*** Provided data ***
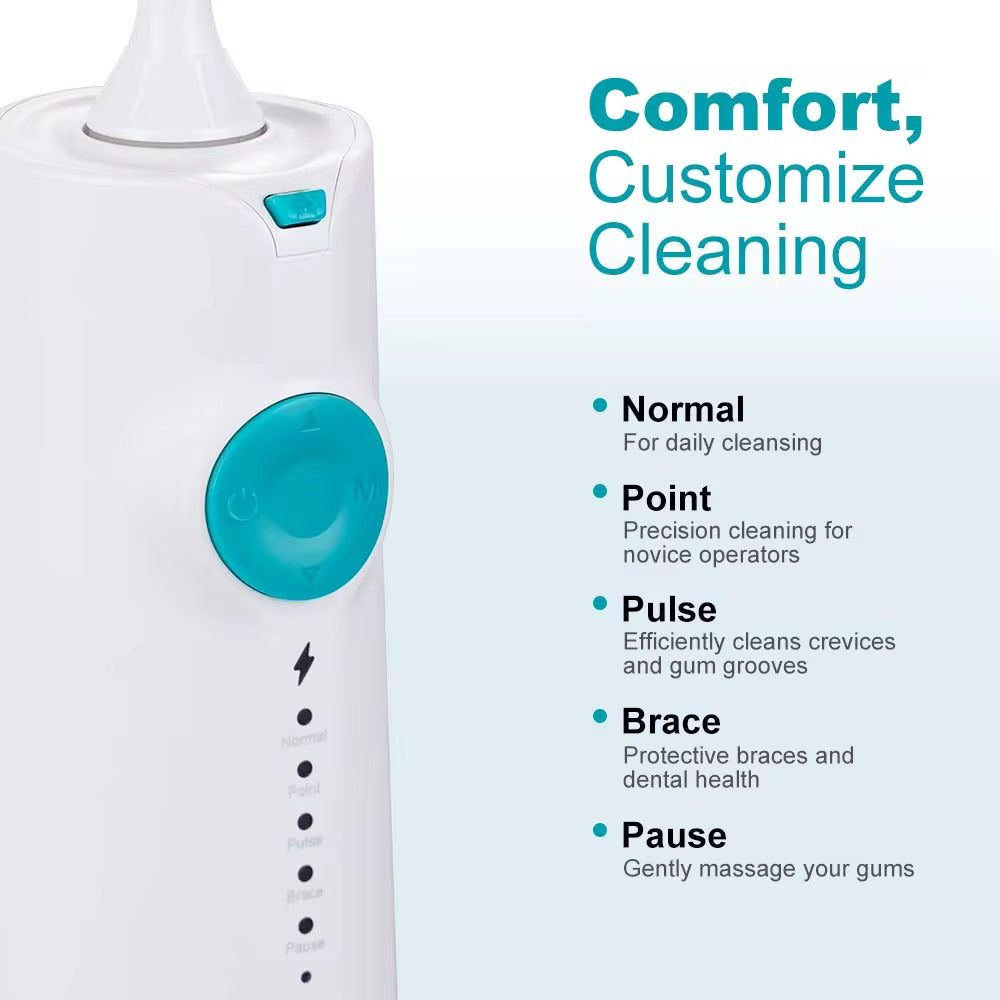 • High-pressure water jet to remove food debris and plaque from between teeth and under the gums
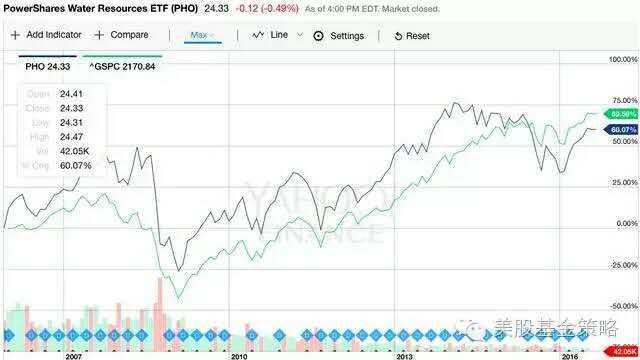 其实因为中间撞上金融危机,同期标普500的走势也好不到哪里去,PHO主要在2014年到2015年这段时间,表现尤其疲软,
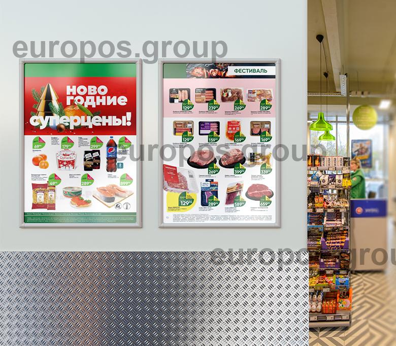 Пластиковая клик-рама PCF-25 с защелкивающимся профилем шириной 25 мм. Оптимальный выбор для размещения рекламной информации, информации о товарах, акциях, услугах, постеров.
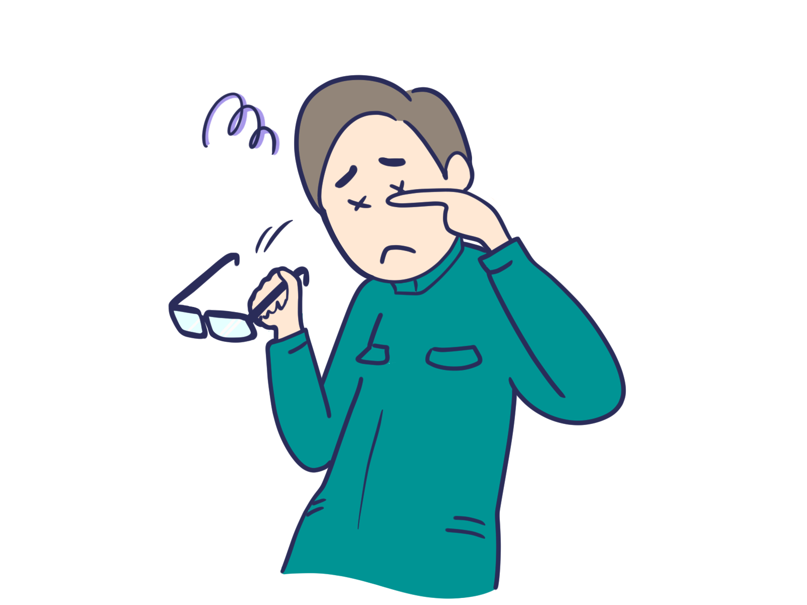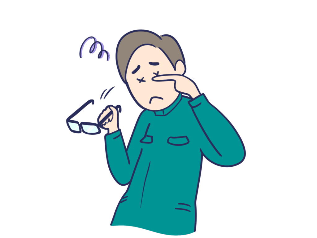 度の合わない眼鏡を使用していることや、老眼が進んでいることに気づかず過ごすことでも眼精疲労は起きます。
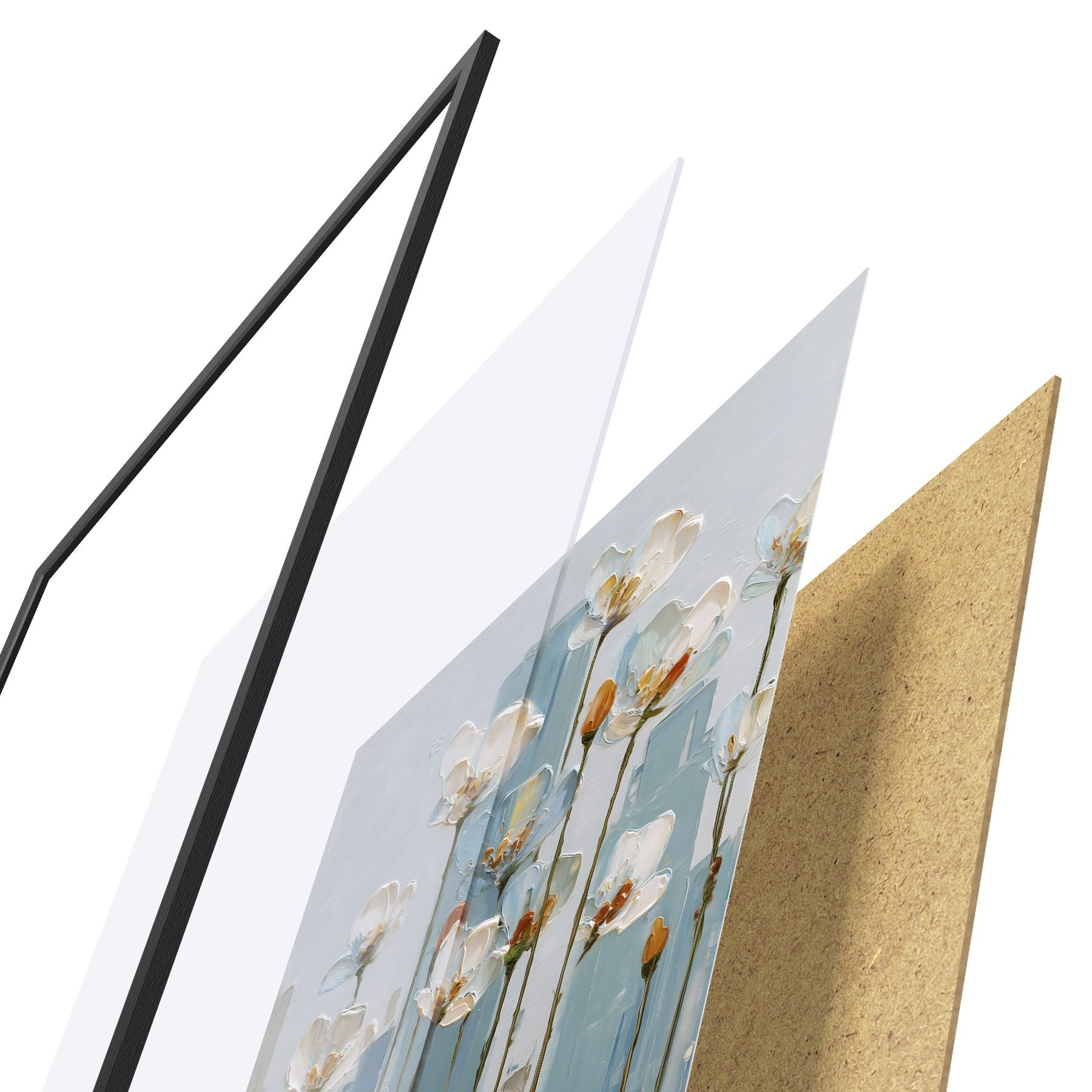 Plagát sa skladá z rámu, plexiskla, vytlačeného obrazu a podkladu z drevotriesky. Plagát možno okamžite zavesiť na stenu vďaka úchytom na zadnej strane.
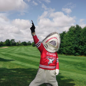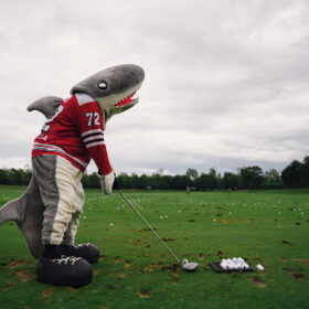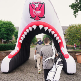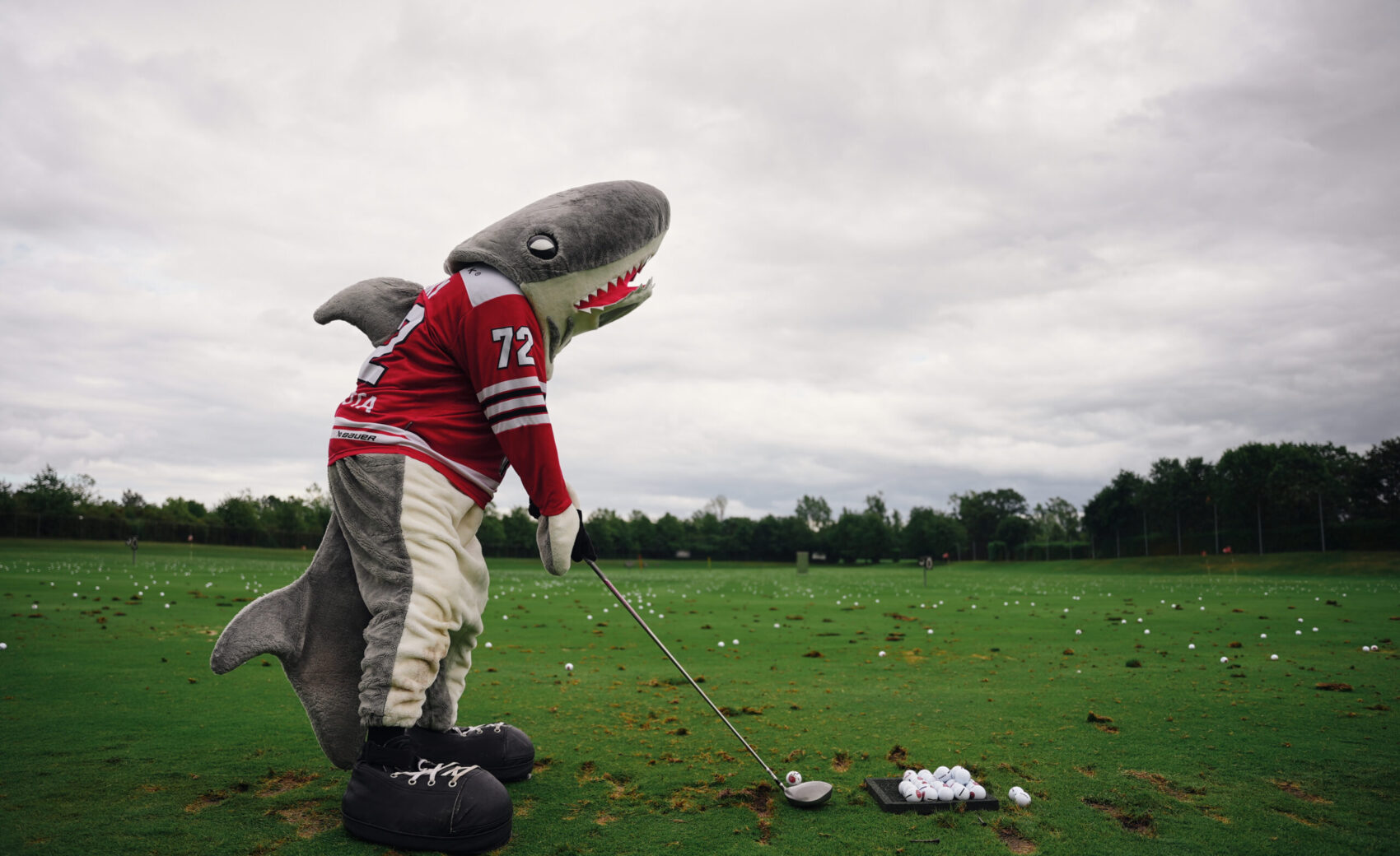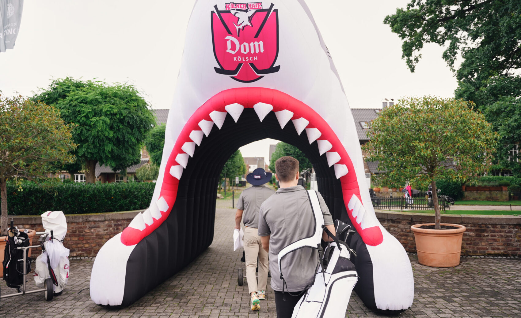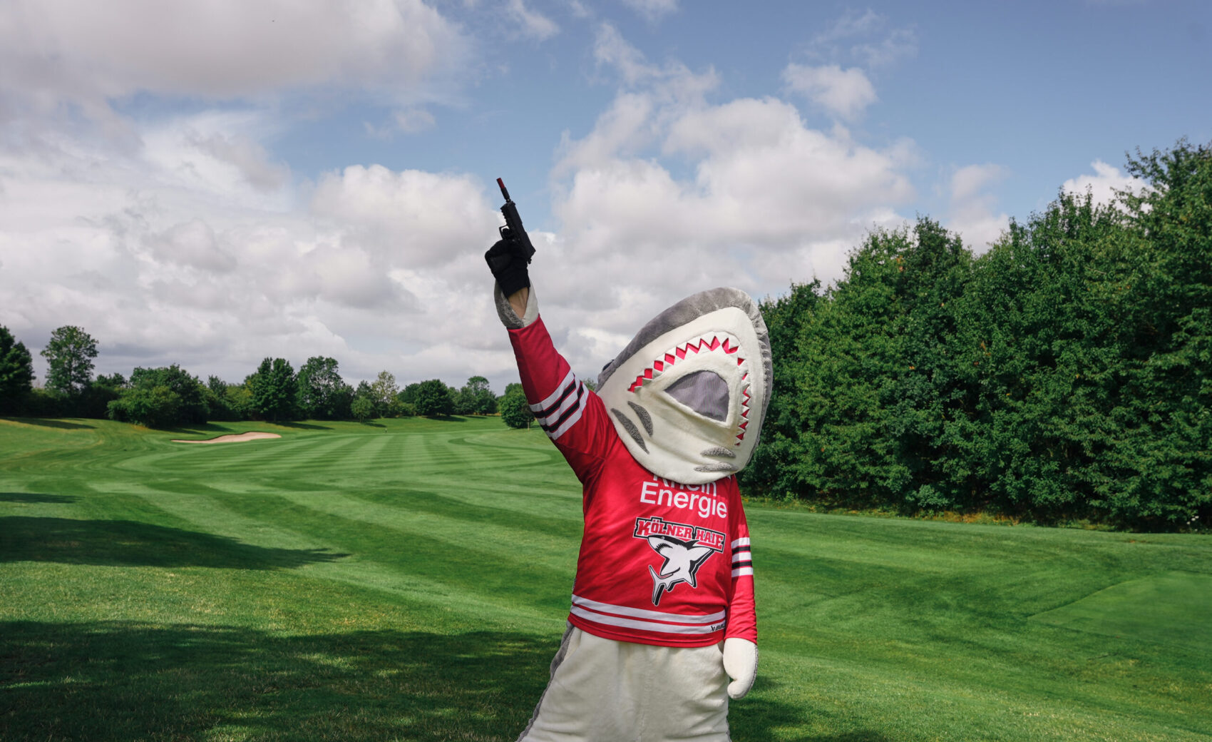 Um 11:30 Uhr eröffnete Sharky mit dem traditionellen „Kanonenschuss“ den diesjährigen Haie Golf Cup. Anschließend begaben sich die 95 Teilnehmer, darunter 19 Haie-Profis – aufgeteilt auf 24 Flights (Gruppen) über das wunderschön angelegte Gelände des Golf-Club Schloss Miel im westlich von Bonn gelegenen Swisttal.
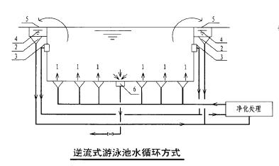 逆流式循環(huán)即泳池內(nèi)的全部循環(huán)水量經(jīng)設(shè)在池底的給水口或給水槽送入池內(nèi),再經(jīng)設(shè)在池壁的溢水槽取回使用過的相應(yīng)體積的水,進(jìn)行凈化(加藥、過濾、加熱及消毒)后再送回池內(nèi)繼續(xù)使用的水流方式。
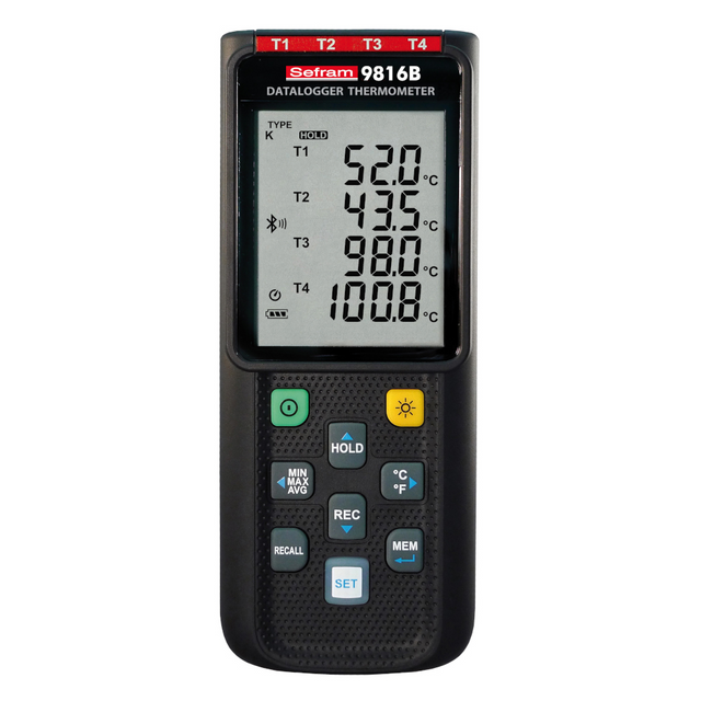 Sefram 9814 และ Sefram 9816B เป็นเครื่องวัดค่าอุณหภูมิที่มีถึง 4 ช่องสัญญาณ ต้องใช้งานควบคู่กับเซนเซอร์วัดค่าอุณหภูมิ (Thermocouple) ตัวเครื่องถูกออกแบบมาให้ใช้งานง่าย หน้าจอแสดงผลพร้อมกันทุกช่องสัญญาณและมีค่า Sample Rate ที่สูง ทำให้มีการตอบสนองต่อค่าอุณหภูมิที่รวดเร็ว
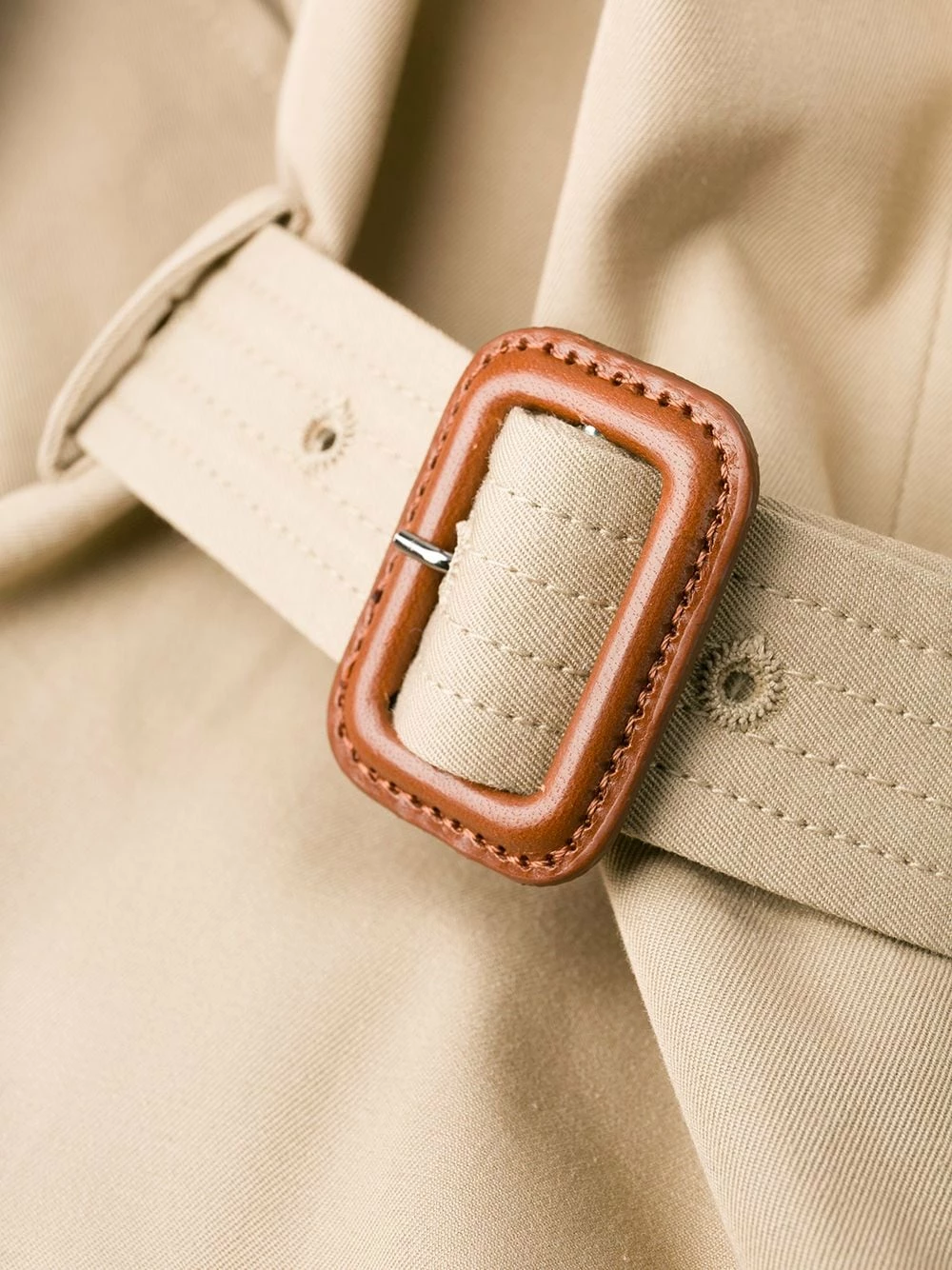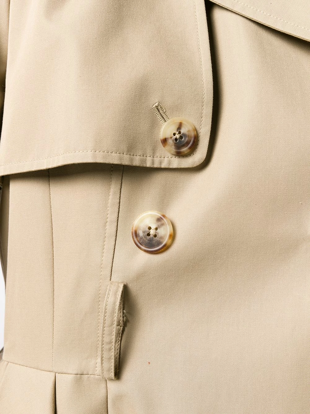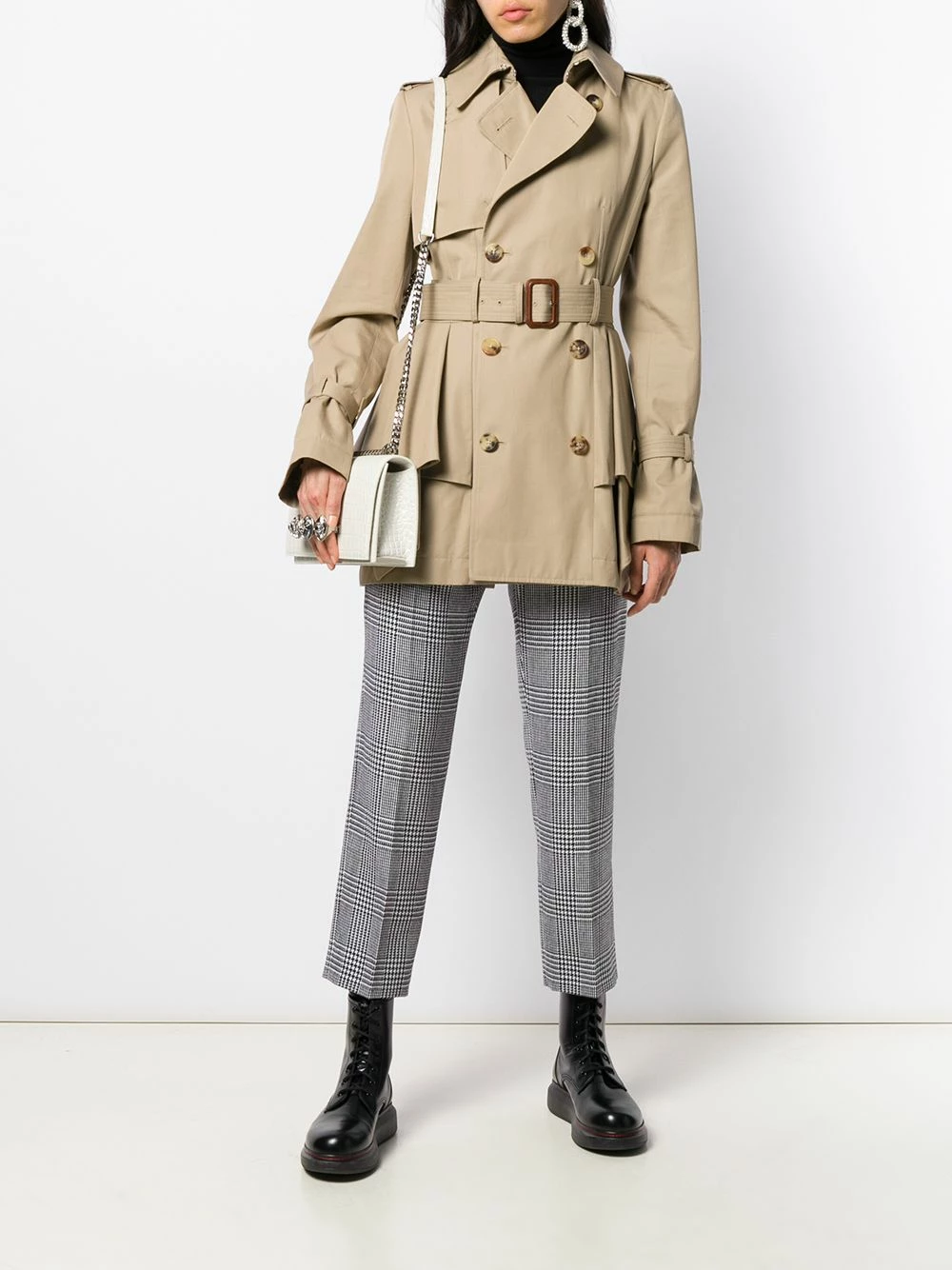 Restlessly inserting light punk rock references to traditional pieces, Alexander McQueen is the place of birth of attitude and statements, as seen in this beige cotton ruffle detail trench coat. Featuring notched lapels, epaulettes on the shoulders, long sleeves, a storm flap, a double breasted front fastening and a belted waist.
***
Required work:
Using the data above, set down each line from the line with "其实因为中间撞上金融危机,同" to the line with "逆流式循環(huán)即泳池" exactly, both ends included, and leave the pictures behind. Nothing else belongs.

Response below:
 其实因为中间撞上金融危机,同期标普500的走势也好不到哪里去,PHO主要在2014年到2015年这段时间,表现尤其疲软,
 Пластиковая клик-рама PCF-25 с защелкивающимся профилем шириной 25 мм. Оптимальный выбор для размещения рекламной информации, информации о товарах, акциях, услугах, постеров.
 度の合わない眼鏡を使用していることや、老眼が進んでいることに気づかず過ごすことでも眼精疲労は起きます。
 Plagát sa skladá z rámu, plexiskla, vytlačeného obrazu a podkladu z drevotriesky. Plagát možno okamžite zavesiť na stenu vďaka úchytom na zadnej strane.
 Um 11:30 Uhr eröffnete Sharky mit dem traditionellen „Kanonenschuss“ den diesjährigen Haie Golf Cup. Anschließend begaben sich die 95 Teilnehmer, darunter 19 Haie-Profis – aufgeteilt auf 24 Flights (Gruppen) über das wunderschön angelegte Gelände des Golf-Club Schloss Miel im westlich von Bonn gelegenen Swisttal.
 逆流式循環(huán)即泳池內(nèi)的全部循環(huán)水量經(jīng)設(shè)在池底的給水口或給水槽送入池內(nèi),再經(jīng)設(shè)在池壁的溢水槽取回使用過的相應(yīng)體積的水,進(jìn)行凈化(加藥、過濾、加熱及消毒)后再送回池內(nèi)繼續(xù)使用的水流方式。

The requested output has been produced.